Archive for the 'Robert Kaufman' Category

John Feal, Founder of FealGood Foundation, joins Frank to explain his efforts to embrace 9/11 protectors and first responders and what he’s doing to ensure 9/11 does not happen again. Feal was working as a Demolition Supervisor at Ground Zero just days after the attack when a piece of steel fell towards him landing on foot, which was later amputated. Since, Feal has worked tirelessly to support the heroes of 9/11, many of whom have suffered catastrophic health effects. Feal helped pass two bills in Congress, including last year’s James Zadroga 9/11 Health and Compensation Act. He also details his current push for S.911 (the SPECTRUM Act) that will enhance communication between local Firefighters and Police in the event of a future attack.
Next, Nina Shea, of the Hudson Institute, details the harrowing genocide in Sudan. Gen. Omar al-Bashir is again waging war against his own people; bombing farmers, sealing off borders and vowing to shoot down any UN relief aircraft. Shea describes the Obama Administration’s abdication of the crisis, including Secretary of State Hillary Clinton’s meek response suggesting the North and South should stay within their borders. The Director of the Center for Religious Freedom also recounts her continuing efforts against Blasphemy laws, and the international trend of using Hate Speech laws as means to the same end. Hate speech is the “perfect proxy for Blasphemy laws,” she says, where any criticism of Islam is prosecuted, and free speech is silenced.

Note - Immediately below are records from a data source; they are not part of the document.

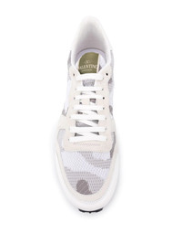 Camouflage Rockrunner sneakers In a playful iteration of the classic camo print, Valentino Garavani's Camouflage Rockrunners add colour and dimension to their AW21 footwear. Boasting leather panels and the house's signature Rockstuds at the sole, these low-top sneakers are finished with a patch at the tongue and a contrasting heel counter. Highlights - White - Calf leather - Mesh detailing - Suede trim - Camouflage pattern - Signature rockstud detailing - Logo patch at the tongue - Front lace-up fastening - Round toe - Ridged rubber sole Made in Italy Composition Outer: Calf Leather 100%, Polyester 100% Sole: Rubber 100% Lining: Polyester 100% SIZE & FIT Measurement HEEL 1.37 in(3.5 cm) Sole height 0.59 in(1.5 cm) Washing instructions Read Manufacturer Guidelines
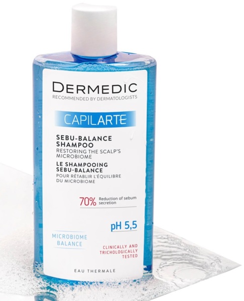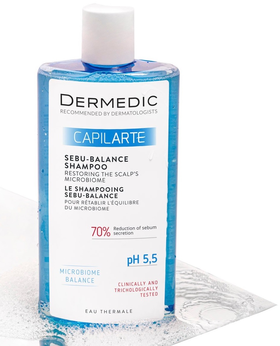 - Шампунь для жирного волосся Dermedic Capilarte відновлює мікробіом шкіри голови 300 мл
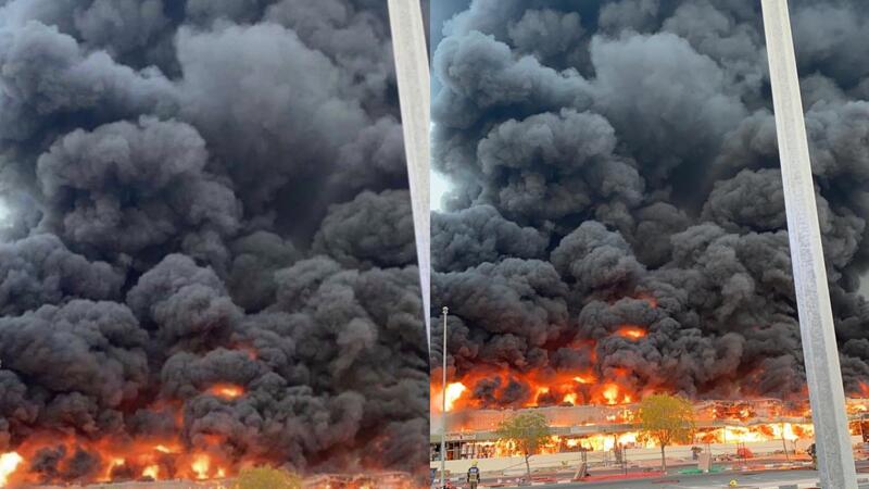 Videos posted on social media showed thick plumes of black smoke rising to the sky as the fire raged.
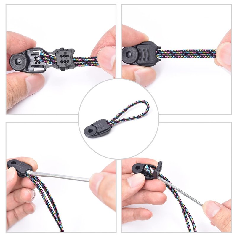 - [Application] Parcord Zipper Pull Cord Stoppers are widely used in various of exquisite items or replacement accessories for Sportswear,Boots,Shoes,Luggage,Purses ,Drawstrings, Paracord Knife Lanyard Loops Bracelets Parachute 550 cord rope DIY Project etc
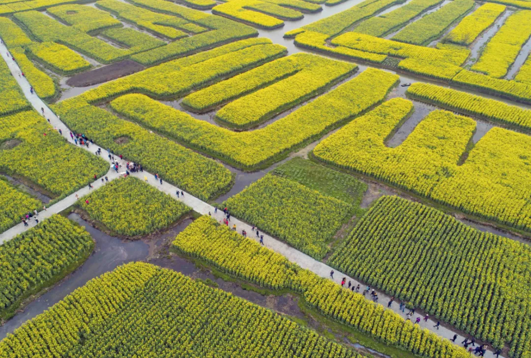 从高处俯瞰,千姿百态的垛田形成了上千个湖中小岛,岛上开满了金灿灿的油菜花。
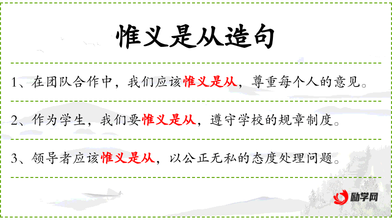 1. 【惟义是从】 只要有道理或道义就坚决服从。
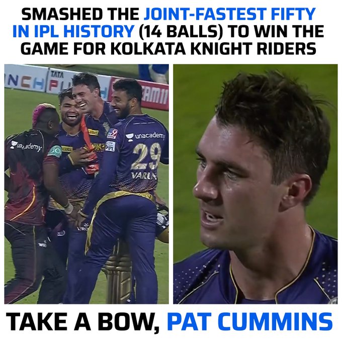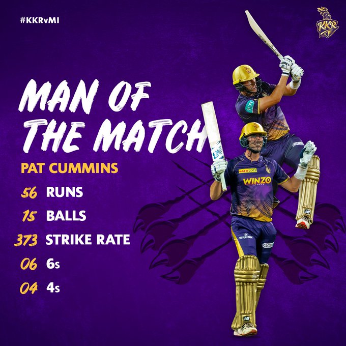 Player of the Match was none other than Pat Cummins for his stupendous knock of 56* off just 15 deliveries as KKR win by 5 wickets.
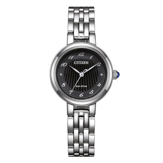 Orologio Donna solo tempo collezione Citizen Lady. Cassa in acciaio lucido, corona con pietra cabochon blu. Movimento Eco-Drive a carica luce con riserva di carica 180 giorni. Vetro zaffiro leggermente bombato. Quadrante nero cifre arabe e lancette lucide. Bracciale regolabile in acciaio lucido chiusura a farfalla con pulsanti. Impermeabile 5 bar(5 atm). Scatola e Garanzia 5 anni Originali.
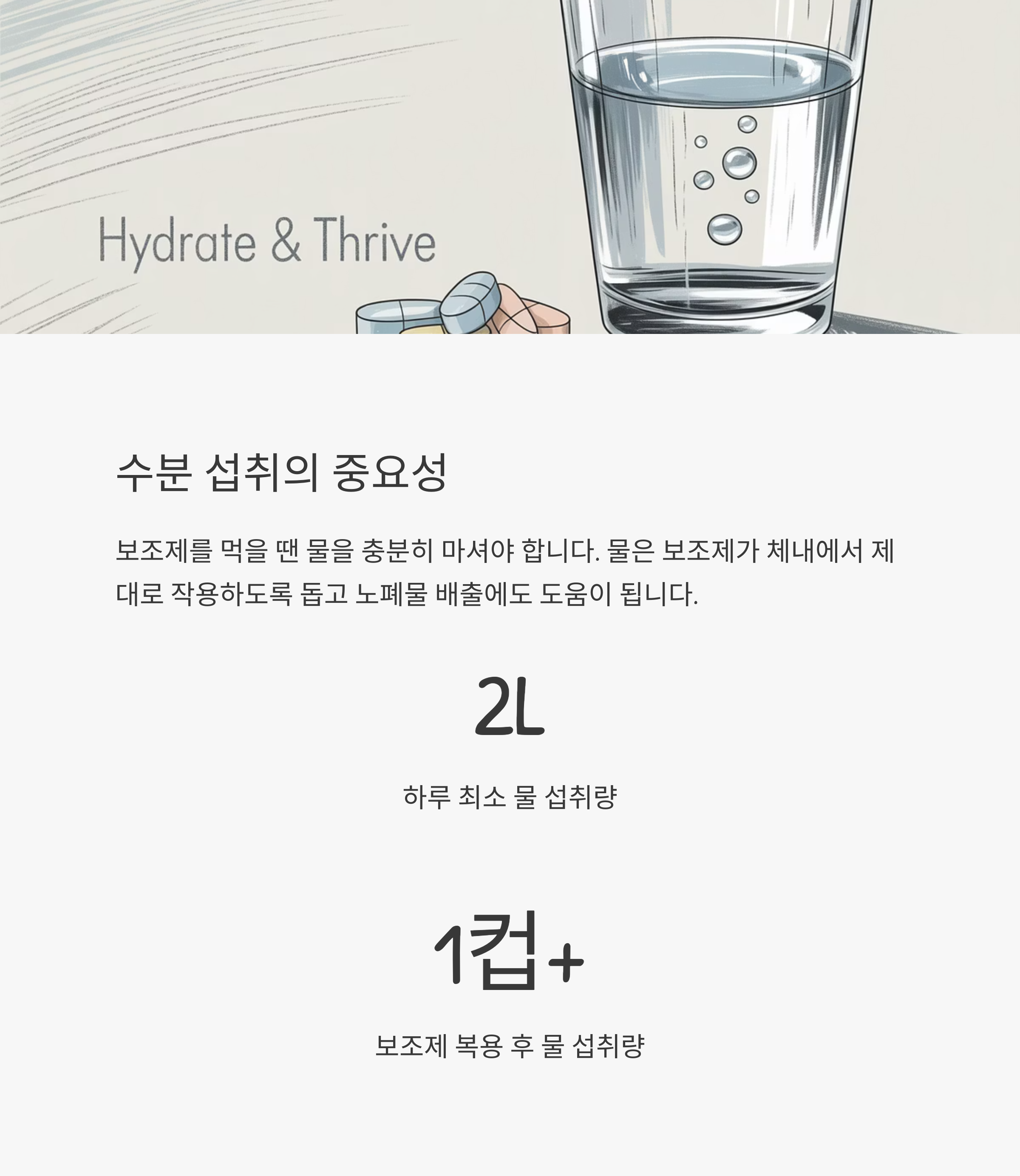 보조제를 먹을 땐 물 많이 마시는 거 정말 중요해요!
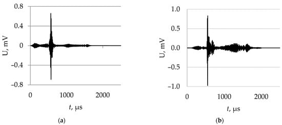 Analytical expressions of the coefficients are given in [22], their values depend on frequency f and thickness of the testing structure h. The analytical method based on the modal analysis, supplemented by analytical consideration of the attenuation coefficient and the impulse response of AE sensor, allows simulating AE signals of a realistic form [23]. Figure 6 represents the calculated signal (Figure 6a) and experimental signal obtained using the Hsu-Nielsen simulator (Figure 6b) for wall thickness 20 mm at 4 m from the AE sensor.
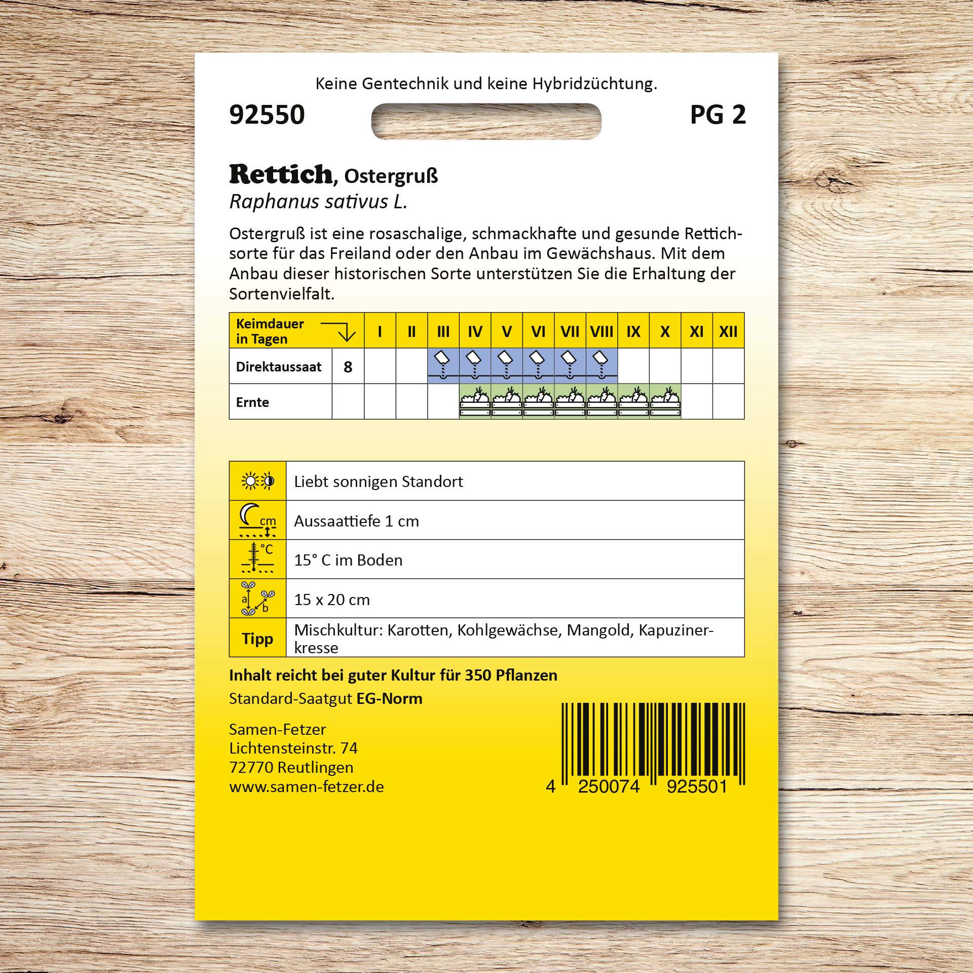| Keimtemperatur: | 15 °C |

Historian Robert Kaufman, of Pepperdine University, enlightens us on the “penny wise, pound foolish” philosophy in Washington to gut defense in order to solve our debt crisis. Kaufman explains how the Defense budget actually is quite small, at only 4.7 percent of GDP. Like George McGovern before him, President Obama continues the folly of cutting back defense and international reach due to an “allusion that we are living in an era of perpetual peace.” He explains how throughout history this has been proven a mistake, and also the coming global geo-political nightmare if America is no longer the preeminent superpower.
Finally, Retired Col. T.X. Hammes examines the increasing use of contractors in our fighting overseas. During the Gulf War our military forces to contractor ratio was 10 to 1. Today, in Iraq that ratio is equal and last year more contractors were killed than U.S. military personnel in Afghanistan. Hammes looks into this growing phenomenon and the potential unintended consequences thereof, in which the military does not know who it is hiring. The Senior Research Fellow at the Institute for National Strategic Studies explains how the use of contractors can be a “free ride” for the government, from misleading public opinion in the Iraqi surge to usurping Congressional power.